Они продолжали идти, но след оленя, такой отчетливый до этого, начал путаться и двоиться, словно зверь кружил на одном месте. В какой-то момент Ратибор понял, что они видят одну и ту же кривую сосну уже в третий раз.

– Мы ходим кругами, – глухо сказал он. Паника, холодная и липкая, начала зарождаться где-то в животе.

– Он нас водит, – подтвердил Ставр, и его лицо стало серьезным. – Леший. Не понравились мы ему.

Они попытались вернуться, ориентируясь по зарубкам. Но зарубок не было. Стволы деревьев были гладкими и чистыми, словно никто их и не касался. Солнце, до этого светившее им в спину, теперь почему-то оказалось слева. Знакомые ориентиры исчезли, деревья вокруг стали чужими и одинаковыми. Лес, еще час назад бывший источником пищи, превратился в ловушку.

Один из молодых охотников, парень по имени Верещага, не выдержал.


– Да что за чертовщина! – закричал он, его голос прозвучал в мертвой тишине неестественно громко. Он выхватил топор и с яростью рубанул по стволу ближайшего дерева. – Пусти, лесная тварь!

В тот же миг с верхушки дерева раздался сухой, трескучий хохот. Нечеловеческий, похожий на скрип старого дерева. Посыпались шишки и сухая хвоя. Верещага вскрикнул и отшатнулся.

– Дурак! – прошипел на него Ставр. – Не зли его! Он теперь нас до самой ночи водить будет, пока не заведет в болото или в овраг.

Паника начала охватывать и остальных. Они сбились в кучу, растерянно оглядываясь по сторонам. Лес смотрел на них тысячами невидимых глаз. Каждое дерево, каждый куст казался живым и враждебным.

– Тихо, – Ратибор заставил себя говорить спокойно, хотя и у него сердце ушло в пятки. – Без паники. Ариант, ты можешь найти выход?

Скиф медленно покачал головой.


– Мои глаза видят только то, что он хочет показать. Мои тропы запутаны. Здесь решает не зрение, а… что-то другое.
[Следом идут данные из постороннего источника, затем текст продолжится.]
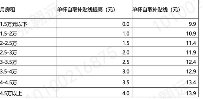 二是针对高租金的优质点位给出的高房租补贴。门店月租金在1.5万-2万元的,每一杯到店多补贴1元,补贴至10.9元;2万-2.5万元租金的,每一杯到店多补贴1.5元,补贴至11.4元;4.5万租金以上的门店,到店每一杯多补贴4元,补贴至13.9元。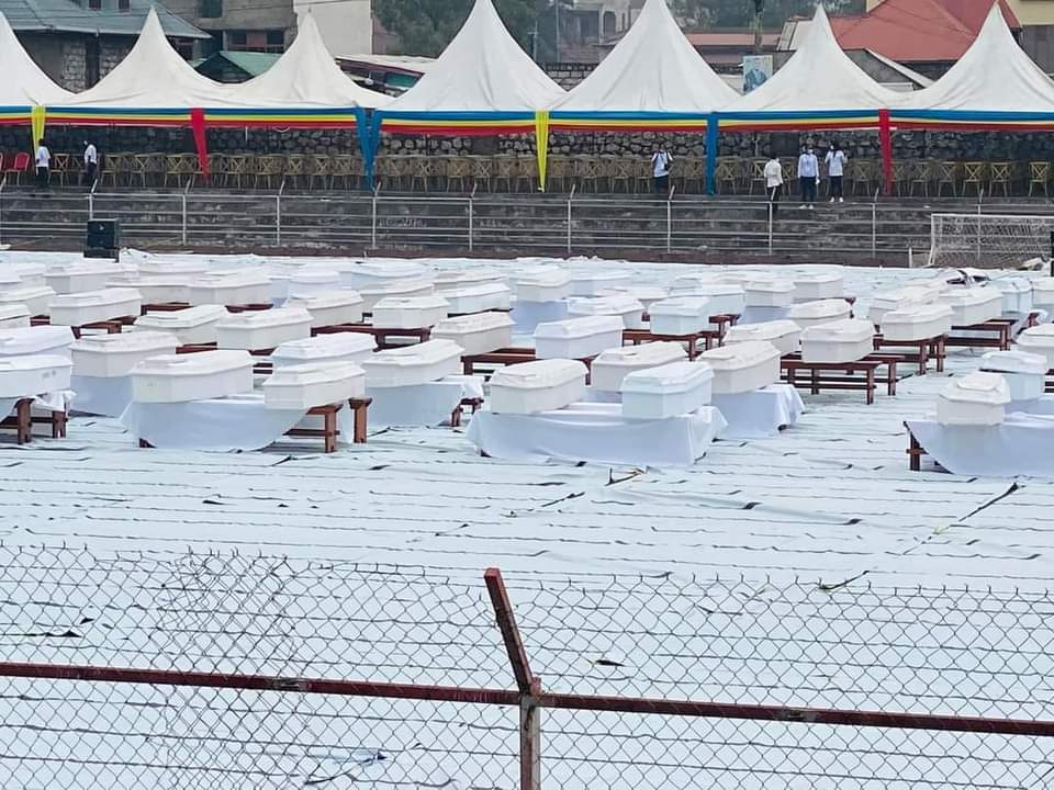 La cérémonie d’inhumation au stade de l’unité à Goma est suivie d’un moment de recueillement, où les familles ont pu se recueillir autour des tombes fraîchement creusées. Des fleurs ont été déposées, des prières murmurées, des larmes versées. Un silence pesant a suivi, comme si la terre elle-même pleurait les victimes.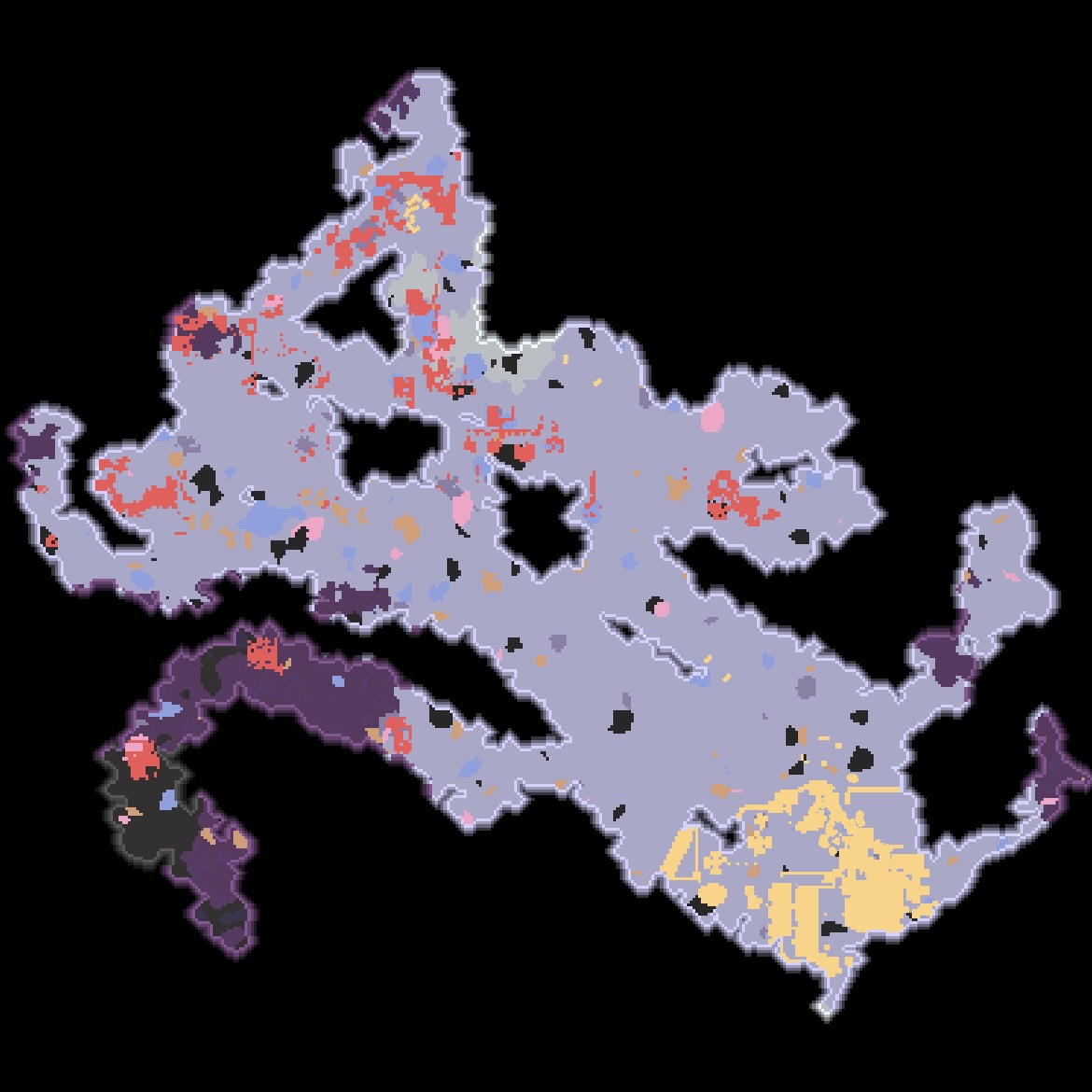 섹터 60 미니맵. 적이 점유한 영역이 반 이상입니다. 제법 큰 네모 덩어리는 적 코어일텐데, 섹터 60에는 세개의 적 코어가 있나 봅니다.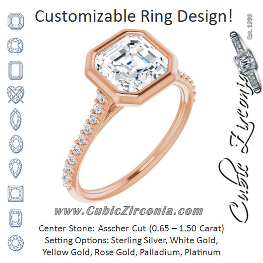 Cubic Zirconia Engagement Ring- The Careena (Customizable Bezel-set Asscher Cut Style with Ultra-thin Pavé-Accented Band)

Все взгляды обратились к Ратибору. Он был их вождем. Он привел их сюда. И он должен был их отсюда вывести. Но он чувствовал себя таким же беспомощным, как и все остальные. Он впервые столкнулся с силой, против которой меч и приказ были бессильны. Это была воля самого леса, древняя, капризная и могущественная. Он мог упрямо идти вперед, пока они все не свалятся от усталости. Мог рубить деревья, навлекая на себя еще больший гнев Хозяина. Но все это вело лишь к гибели.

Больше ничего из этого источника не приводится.